* [Provided records]
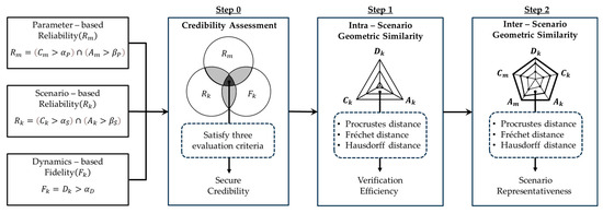 Herein, we propose an efficient credibility verification methodology based on geometric similarity evaluation, as illustrated in Figure 4. In Step 0, three evaluation metrics—parameter-based reliability , scenario-based reliability , and dynamics-based fidelity —are utilized to determine credibility. In Step 1, we evaluate credibility under different speed conditions (low, medium, and high) within the same scenario and visualize the derived evaluation metrics through a spider chart. The geometric similarity between the shapes is analyzed using the Procrustes, Fréchet, and Hausdorff distance techniques. These techniques evaluate the efficiency of the verification process by quantitatively determining whether speed is a dominant factor in the credibility assessment for a given scenario. In Step 2, we additionally evaluate the geometric similarity between different scenarios. This involves verifying whether a particular scenario can represent many other scenarios during credibility assessment.
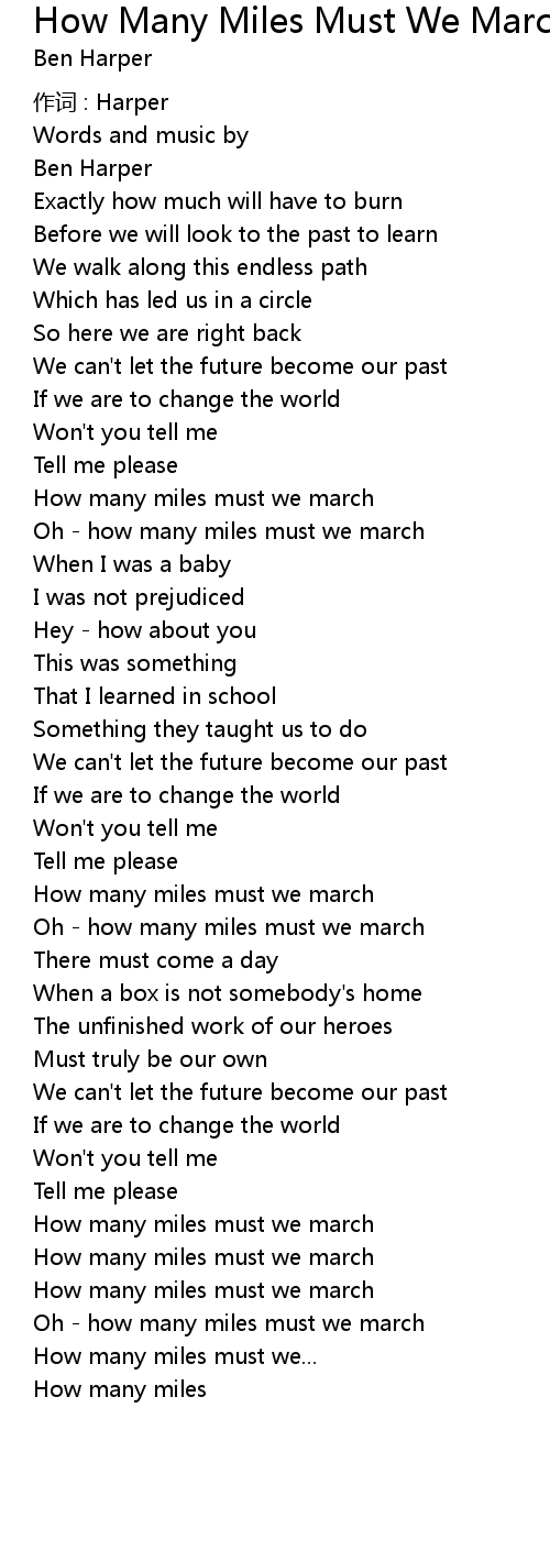 | Song | How Many Miles Must We March |
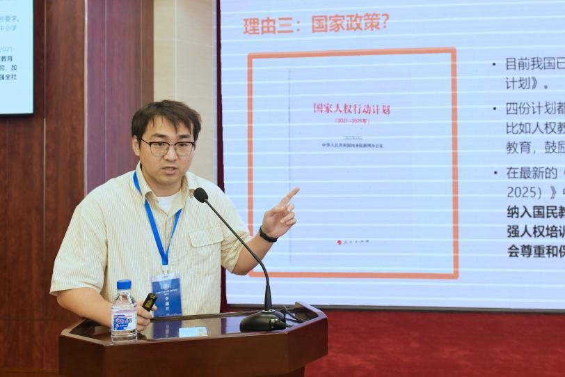 广州大学人权研究院博士研究生李越开在以“人权教育纳入国民教育体系的理论思考”为主题的发言中提出,将人权教育纳入国民教育体系是十分必要的。然而,目前我们将人权教育纳入国民教育体系仍然面临困境,包括核心价值观与共同价值观的冲突、宣传与教育结构的失衡等。为了缓解以上困境,在学科建设层面,人权学一级学科应当为相关二级学科提供元价值,并加强人权一级学科与二级学科的科际整合;在人权教学层面,人权教育者要讲清楚什么是人权,年轻一代人权学者也要注重学习与传承。
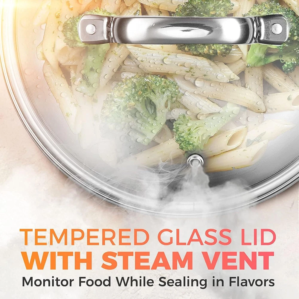 Contemporary Essentials - This contemporary 17 Piece kitchen cookware set ensures you have everything you need to create inspiring meals every day! With a brushed satin stainless steel design and sleek ergonomic handles, the practical cookware will suit any kitchen décor while providing professional cooking performance for every meal, large or small. Strong And Durable -The pots and pans feature a 3-ply premium quality stainless steel base with a thick aluminum core for fast and even heat distribution and maximum durability. The non-toxic stainless steel cookware will not discolor, react with food, or alter flavors, keeping your meals safe and healthy. The even heating reduces hot spots that can easily burn foods and cooks foods faster to save you both time and energy! Versatility - This cookware set is a complete kitchen in a box! Simmer, sauté, fry, boil or braise to your heart's content! Includes 1, 2 and 3qt saucepans, 8”, 10” and 12” skillets, large 3.5qt sauté pan, 4.5qt Dutch oven, versatile 8qt stock pot as well as a multi-tiered steamer insert that fits all saucepans and interchangeable lids. Each pan is suitable for oven and stovetop cooking, including induction. Seal In Flavors - Utilize the professional-grade tempered glass lids to help retain heat and seal in moisture and nutrients for healthier, more flavorful meals. The covers with steam vents fit perfectly within the smoothly tapered rims, designed to eliminate drips and spills while pouring. Double riveted comfort grip handles provide extra strength and stay cooler for longer to help maneuver on the stove top. Superior Quality With Mueller - We are here to offer you only the best quality products designed to make your life easier. If you need any help, please feel free to contact us. Our unparalleled 24/7 live telephone customer support is ready and waiting to assist with anything you need!
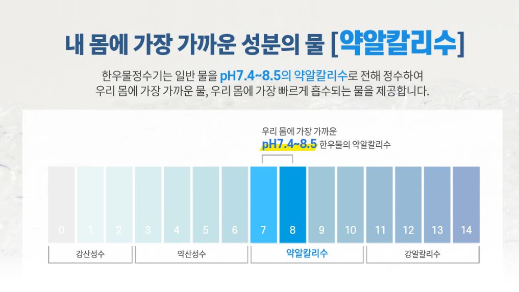 한우물정수기는 사람의 몸에 가장 가까운 pH7.4 ~ 8.5로의
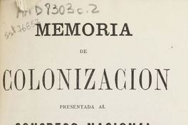 Memoria de Colonización : presentada al Congreso Nacional de 1872 por el Ministro del Ramo.

* [What is expected]
Everything from the line with "Contemporary Essentials - This" through the line with "한우물정수기는 사람의 몸에 가장 가까운 pH7.4 ~ 8.5로의" in the material above should be transcribed exactly, except the pictures.

* [Result]
 Contemporary Essentials - This contemporary 17 Piece kitchen cookware set ensures you have everything you need to create inspiring meals every day! With a brushed satin stainless steel design and sleek ergonomic handles, the practical cookware will suit any kitchen décor while providing professional cooking performance for every meal, large or small. Strong And Durable -The pots and pans feature a 3-ply premium quality stainless steel base with a thick aluminum core for fast and even heat distribution and maximum durability. The non-toxic stainless steel cookware will not discolor, react with food, or alter flavors, keeping your meals safe and healthy. The even heating reduces hot spots that can easily burn foods and cooks foods faster to save you both time and energy! Versatility - This cookware set is a complete kitchen in a box! Simmer, sauté, fry, boil or braise to your heart's content! Includes 1, 2 and 3qt saucepans, 8”, 10” and 12” skillets, large 3.5qt sauté pan, 4.5qt Dutch oven, versatile 8qt stock pot as well as a multi-tiered steamer insert that fits all saucepans and interchangeable lids. Each pan is suitable for oven and stovetop cooking, including induction. Seal In Flavors - Utilize the professional-grade tempered glass lids to help retain heat and seal in moisture and nutrients for healthier, more flavorful meals. The covers with steam vents fit perfectly within the smoothly tapered rims, designed to eliminate drips and spills while pouring. Double riveted comfort grip handles provide extra strength and stay cooler for longer to help maneuver on the stove top. Superior Quality With Mueller - We are here to offer you only the best quality products designed to make your life easier. If you need any help, please feel free to contact us. Our unparalleled 24/7 live telephone customer support is ready and waiting to assist with anything you need!
 한우물정수기는 사람의 몸에 가장 가까운 pH7.4 ~ 8.5로의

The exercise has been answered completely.